TASK DETAILS: Starting with the line below that holds "meseta de mármol" and stopping after the line that holds "(더블 워드 경계에 맞추기: 블록", transcribe the lines exactly, leaving out all pictures.

MATERIAL PROVIDED:
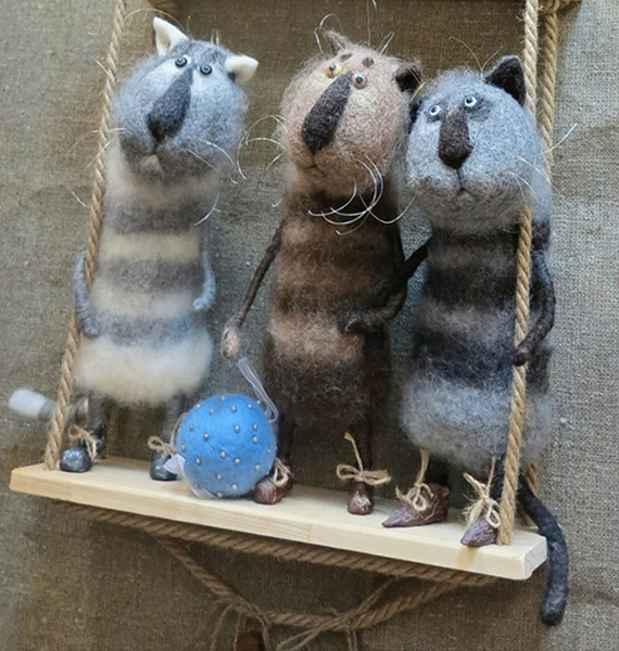 У моей знакомой в дальнем углу комнаты что на втором этаже, за старым книжным шкафом на подвесной деревянной полочке живут-поживают трое войлочных приятелей. Хозяйка с улыбкой называет этих котов проказниками. Что ж, ей виднее, ведь она сделала их собственными руками. Коты послушно молчат, делая вид, что согласны, хотя на самом деле считают иначе. По их собственному мнению, никакие они не проказники, а совершенно безобидные шалунишки, иногда, вернее - постоянно тайком затевающие весёлые игры. Но что в этом плохого?! Ведь, наверное, все любят хоть иногда пошалить. А так как приятелей трое, то и шалят они в три раза больше, чем другие. Но, конечно же, никаких пакостей эти войлочные котики себе не позволяют – вы только посмотрите на их милые мордашки, на которых написано само смирение и послушание. Даже хочется за это наградить их чем-нибудь вкусненьким. Но если внимательно приглядеться, то в глубине глаз-бусинок можно уловить едва заметные искорки затаённой хитрости, которые нет-нет да и посверкивают от нетерпения, словно вот-вот выпрыгнут и затеют очередную шалость. Однако приятели терпеливо молчат и только с укоризной поглядывают на хозяйку – вот, мол, другие коты за окном вон чего вытворяют, а мы-то тут на полочке стоим себе смирнёхонько и даже не мяукаем, хоть и очень хочется… Правда, что они вытворяют по ночам и как озорничают, когда все спят, никто не знает… кроме меня, потому что шалуны-затейники сами рассказали мне об этом по большому секрету, а я вам. Только вы уж, будьте добры, никому больше! Ведь всё же секрет – есть секрет!
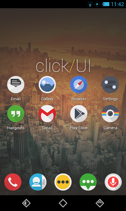 Click UI. é tema para o Nova Launcher, Apex Launcher, Go Ex Launcher, Action Launcher Pro, e alguns outros.
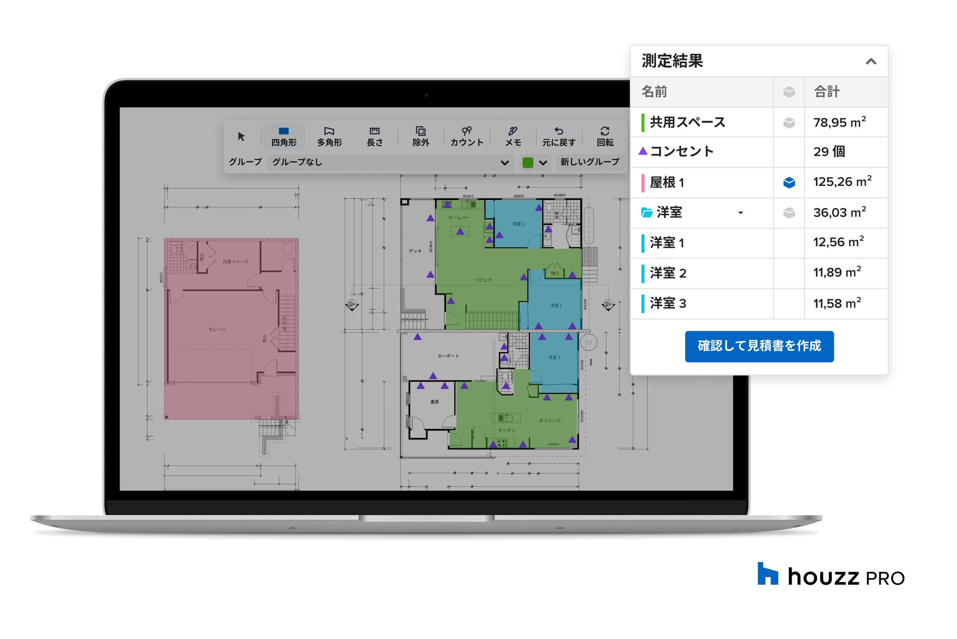 世界最大級の家づくりとインテリアデザインのプラットフォームを提供する Houzz Japan 株式会社(https://www.houzz.jp 以下 Houzz)は、マーケティングと業務効率化の統合型ソフトウェアである Houzz Proに、本日、「積算ツール」をリリースしました。このツールにより、画面上で図面から簡単に積算し、デザイン性の高い正確な見積書を最大10倍速く作成することができます。
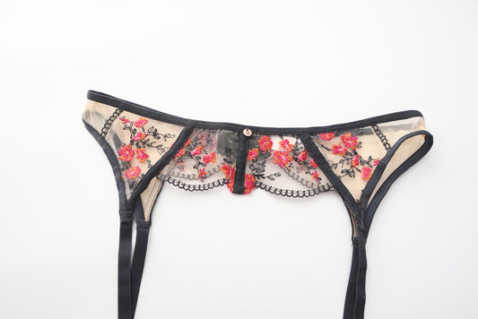daisy embodiery bustier and panty set Sexy Floral Mesh Underwire Push Up Garter Belt Lingerie 2 Piece
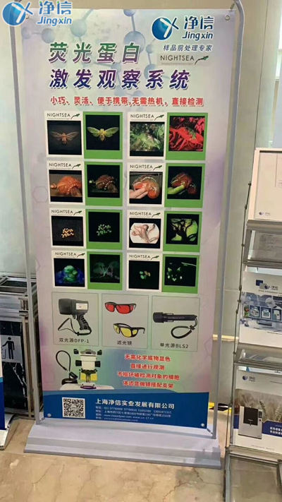 同時(shí),在此次展會(huì)上,上海凈信還推出了一款沉淀已久的新產(chǎn)品—美國(guó)NightSea熒光蛋白激發(fā)觀察系統(tǒng),這是一款無(wú)需化學(xué)底物顯色,直接進(jìn)行觀測(cè),不損壞被檢測(cè)對(duì)象細(xì)胞的設(shè)備,擁有小巧、靈活、易攜帶、使用簡(jiǎn)便等優(yōu)點(diǎn),對(duì)于有轉(zhuǎn)基因?qū)嶒?yàn)需求的科研人員,是一種特別“對(duì)胃口”的產(chǎn)品;其原理是發(fā)出的特種光源照射至生物表面時(shí),佩戴專用濾光鏡(過(guò)濾掉大部分反射光只保留所需要的光源);便可實(shí)時(shí)觀察生物的基因變化狀態(tài),目前分為單光源和雙光源兩種型號(hào)。
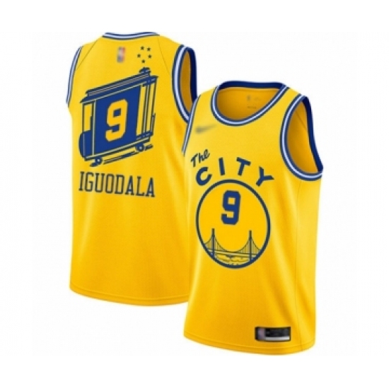 Men's Golden State Warriors #9 Andre Iguodala Authentic Gold Hardwood Classics Basketball Jersey - The City Classic Edition
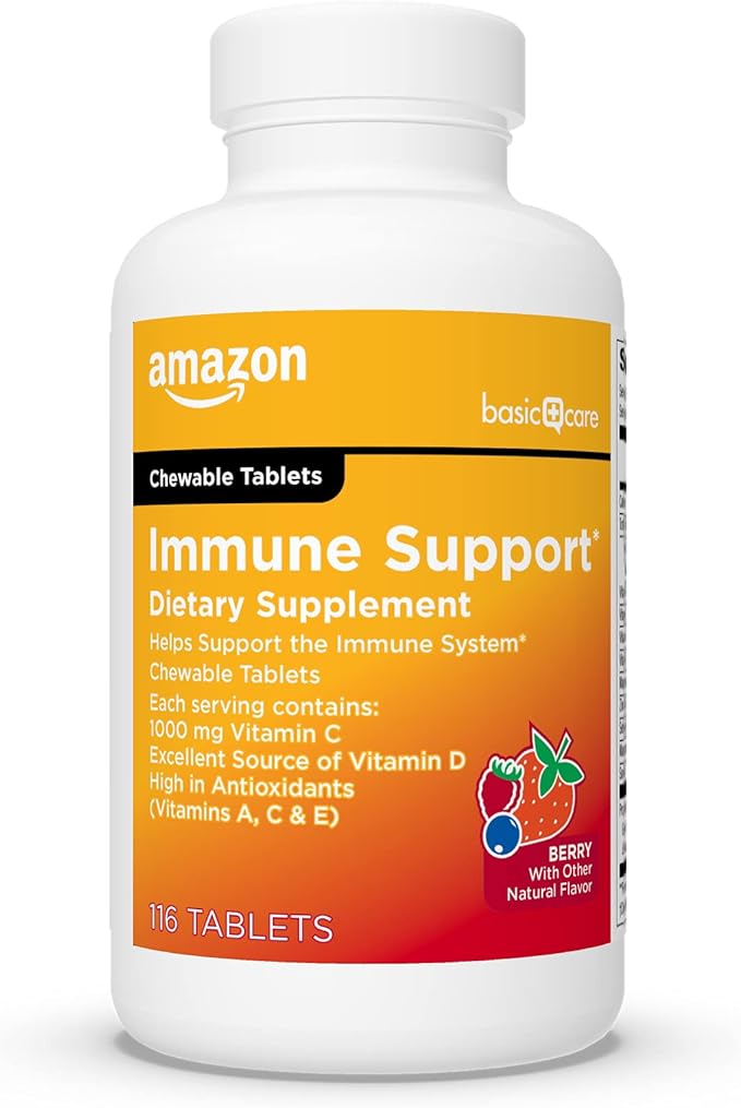 - VITAMIN D: Amazon Basic Care Chewable Immune Support Tablets are an excellent source of the body-essential sunshine vitamin, Vitamin D
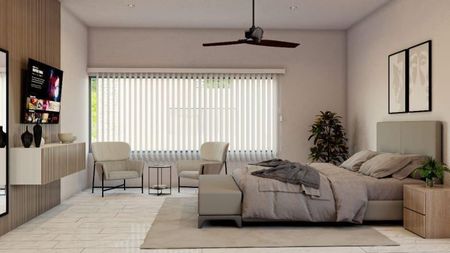• 3 Recámaras con baño y clóset vestidor, la principal con vestidor premium amplio y en el área de ducha del baño forrada en mármol con doble lavabo sobrepuesto en meseta de mármol
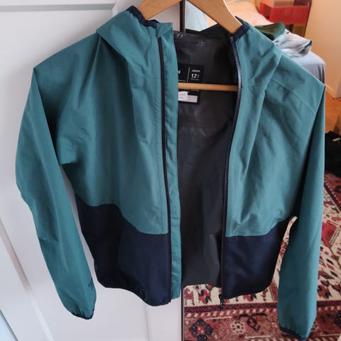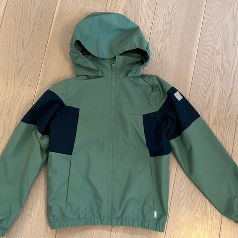 Pent brukt allværsjakke uten merker, slitasje. Nydelig grønnfarge som passer både gutt og jente
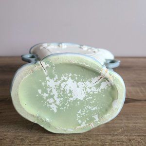 Vintage narrow ceramic vase with 3D exotic bird and handles. 8'' tall, 7'' wide. There are few repaired cracks at the bottom on the back part. Looks like they fixed well. Please see picture. Also some lost color at the bird head.
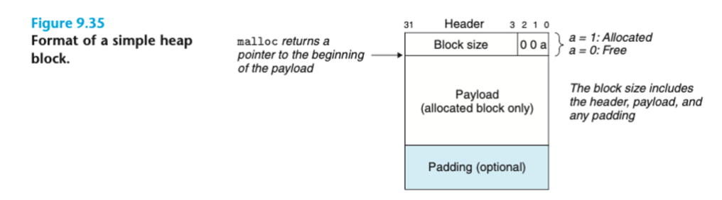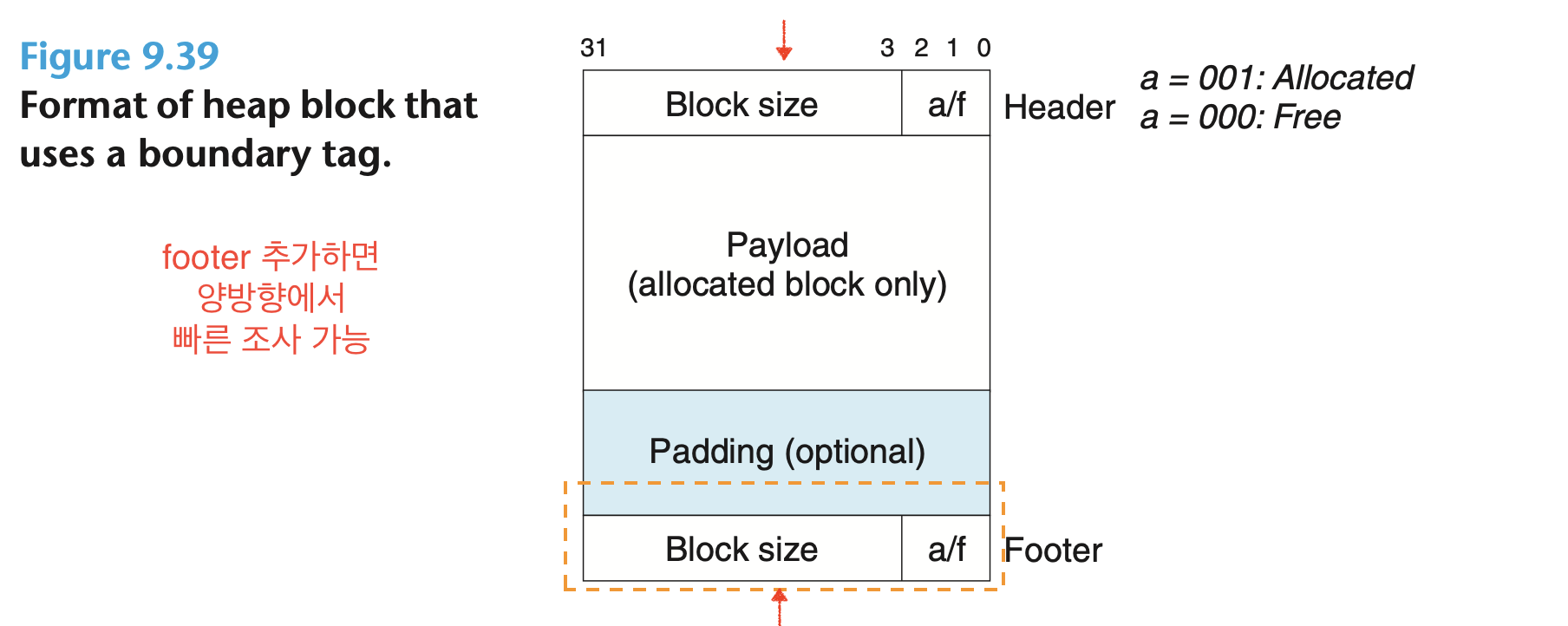 (더블 워드 경계에 맞추기: 블록 크기는 8의 배수가 되어야 함. 만약 9 바이트를 담으려면 16바이트를 할당한다.)
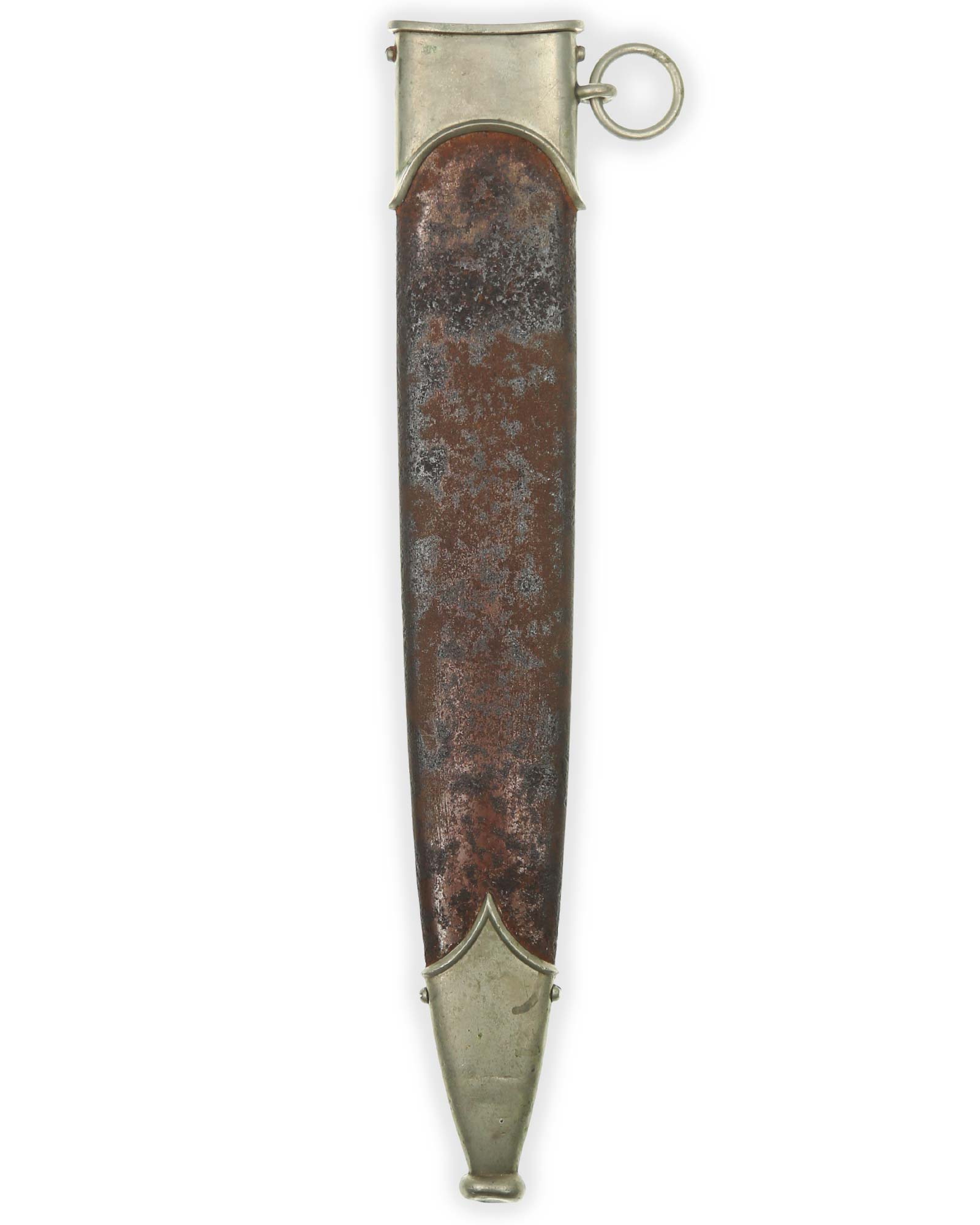 Die Scheide ist aus Eisen mit beiden Scheidenbeschläge, diese sind aus vernickeltem Stahlblech. Die Beschläge werden mit jeweils zwei Schräubchen seitlich gehalten.

EXPECTED OUTPUT:
• 3 Recámaras con baño y clóset vestidor, la principal con vestidor premium amplio y en el área de ducha del baño forrada en mármol con doble lavabo sobrepuesto en meseta de mármol
 Pent brukt allværsjakke uten merker, slitasje. Nydelig grønnfarge som passer både gutt og jente
 Vintage narrow ceramic vase with 3D exotic bird and handles. 8'' tall, 7'' wide. There are few repaired cracks at the bottom on the back part. Looks like they fixed well. Please see picture. Also some lost color at the bird head.
 (더블 워드 경계에 맞추기: 블록 크기는 8의 배수가 되어야 함. 만약 9 바이트를 담으려면 16바이트를 할당한다.)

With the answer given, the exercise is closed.